Perhaps the ugliest part of street crimes is when a robbery goes wrong and a victim is shot at or killed during the incident. In more recent trends, young men and novices have taken to cell-phone snatching, but they are often jittery, nervous and fearful of the police pursuing them. In this frame of mind, if they misjudge a victim’s reaction, the trigger of the handgun gets pulled,” says a local police officer.

“Most of the time, 30 bore pistols are used for crimes in Karachi and now the 9mm is also in vogue. The biggest problem in the locally produced hand guns is they do not have safety pins to prevent accidental firing. In panic, the pistol goes off, resulting in murder,” explains the officer.

The picture of Karachi’s street crime is reflective of New York. Two decades ago, when New York mayor Robert Giuliani and police commissioner Bill Brandton declared zero tolerance for petty crime in their city, they devised a “Broken Window” campaign against vandalism and anti social behaviour. The underlying concept was if petty crimes are stopped, delinquent behaviour would be largely eliminated and bigger crimes would never place.

The nature of crime was similar too: the people of New York were troubled by crimes at the underground subway terminals, and like Karachi, at streets with insufficient light.
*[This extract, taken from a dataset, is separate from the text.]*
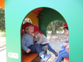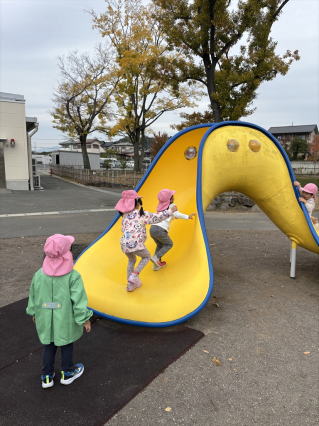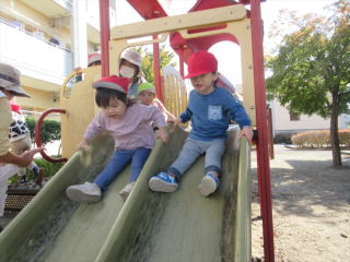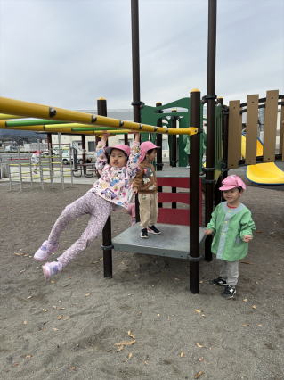 公園までお散歩して、遊具で楽しんできましたよ。 お友だちといっぱい体を動かしてきました

Criminal elements would also tear down street light to hide their activities and would spray graffiti on the walls to mark their turf.

The New York police saw to it that the destroyed bulbs were replaced and the graffiti wiped clean. They did not stop there: at bus stops, they would quiz those loitering around and escort them to a police station if they could not offer a reasonable explanation. Similarly, travelling without paying the fare would also not go unpunished. With these steps, New York, which was notorious for crimes during the 1990s, has now turned into one of the more peaceful cities of the United States.

Following the US experience, the Pakistani model to tackle petty crime in Karachi can begin with expressing no tolerance for traffic violations. In order to make certain traffic gridlocks do not occur, the “VIP culture” of blocking roads needs to be done away with, since blocking one road leads to a cascading effect on all thoroughfares.

If traffic jams are prevented in Karachi and adequate lighting is ensured at these 25 choking points, muggings could be made difficult and perhaps even thwarted. The power utility of the city could be involved to ensure that these “vulnerable points” remain well-lit. Local communities can be mobilised too and asked to arrange UPS’s or generators.

Police patrolling can be increased, and cops deployed at vantage points to intercept and engage any suspicious person or one in possession of weapons. The Sindh or city government can help by installing functional CCTVs and centrally monitoring the situation.

Meanwhile, while there is a public drive underway to register SIMs, there is little in the way of a crackdown against the sale and use of stolen cell phones. A campaign was launched previously against shops selling stolen merchandise, but market associations rose in protest and the campaign lost steam. Collective punishment to the cell phone market associations would be helpful in ensuring that stolen property is not resold.